Mi viaje a Italia es un documental gigante con las trazas de una película casera. Empieza como un home movie de la familia Scorsese, en el que el autor de Taxi driver nos explica -con la ilusión infantil de un nieto de emigrantes- cómo su ser siciliano y norteamericano se desarrolló sin conflicto en un barrio de Nueva York gracias a la mitomanía que el cine generaba en sus parientes y ellos le transmitieron a él, por encima de la lengua materna y las costumbres ancestrales. No hay director moderno más formal y temáticamente americano que Scorsese, pero después de ver Mi viaje a Italia también estamos seguros de que ningún otro cineasta vivo ha seguido con mayor provecho la línea narrativa y moral que en la segunda posguerra mundial iniciaron los maestros italianos del neorrealismo. Con modestia de aprendiz, con agudeza de gran crítico, con un prodigioso talento de sintetizador, Scorsese se limita en el resto de su largo viaje a contarnos películas. ¿Parece poco y fácil? Yo diría, por el contrario, que se trata de uno de los más inteligentes ejercicios de relectura crítica posibles, una manera de hacer historia del cine recreando historias que otros se inventaron para llegar al corazón de la gente y sólo cuando -al cabo de 50 o 60 años- nuestra cabeza las considera nuestras alcanzan el estado de la inmortalidad.
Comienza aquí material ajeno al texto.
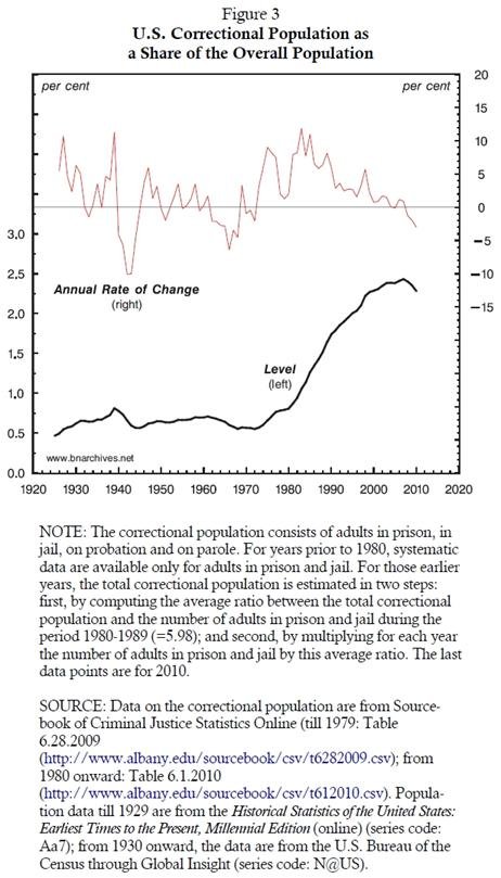 Now, let us focus on the correctional population. In Figure 3, the black series at the bottom denotes the correctional population as a share of the overall population (which we take from Figure 2). The top red series shows the annual rate of change of the bottom series. Historically, this rate of change has fluctuated between ?10 and +10 per cent, and the question we need to ask is what drives these changes: Why did the correctional population remain fairly stable till the late 1970s? Why did is soar during much of the neoliberal 1980s and 1990s? And why did it level off in the 2000s?

El esquema tiene la endiablada sencillez de un ensayo borgiano. Llevando casi siempre corbata y traje y con enfática voz de religioso, Scorsese habla ante la cámara de sus entusiasmos de espectador, cosa que a continuación se dispone a probar. Rosellini, Visconti, De Sica; éstos son los nombres a los que vuelve una y otra vez, sacando de imágenes que ya hemos visto cosas que no habíamos visto, o recordándonos lo que nunca supimos. Si no resultase una odiosa falta de respeto, me atrevería a decir que obras maestras como Paisà, Senso, Umberto D, adquieren en los montajes comprimidos y comentados de Scorsese originalidad, o al menos un valor que escapa a su tiempo, a su lengua, a sus condicionantes sociales o técnicos. Primero está el cine de aquellos que Scorsese ha elegido como padres, y luego viene el hijo sin complejos de Edipo a enrolar al público de hoy en la hermandad de adoradores del gran cine italiano de los años cuarenta y cincuenta.

En la segunda parte del documental, Scorsese llega y se detiene en Antonioni y el Fellini de madurez. Aquí ya no se trata de las pasiones heroicas del neorrealismo, sino de una época, nos recuerda el propio narrador, en que 'cada semana parecía que se daban nuevos pasos' cinematográficos. El momento agitado y dulce de las vanguardias y las rupturas, cuando sin cortapisa ni cuotas de mercado trabajaban Godard, Resnais, Glauber Rocha, Oshima, Buñuel o Cassavetes, nombres todos citados admirativamente por Scorsese. Es un gratificante ejemplo de la ambición artística que en todo el territorio del cine, incluso en Hollywood, se puede tener, oír al autor de La última tentación de Cristo desmenuzar la planificación abstracta de la cita fallida de El eclipse de Antonioni o defender la libertad antinarrativa del Fellini autobiográfico de 8 ½. ¿Habrá otros viajes a cinematografías como la francesa o la española por parte de algún monstruo sagrado de la orilla de enfrente? Sería bueno.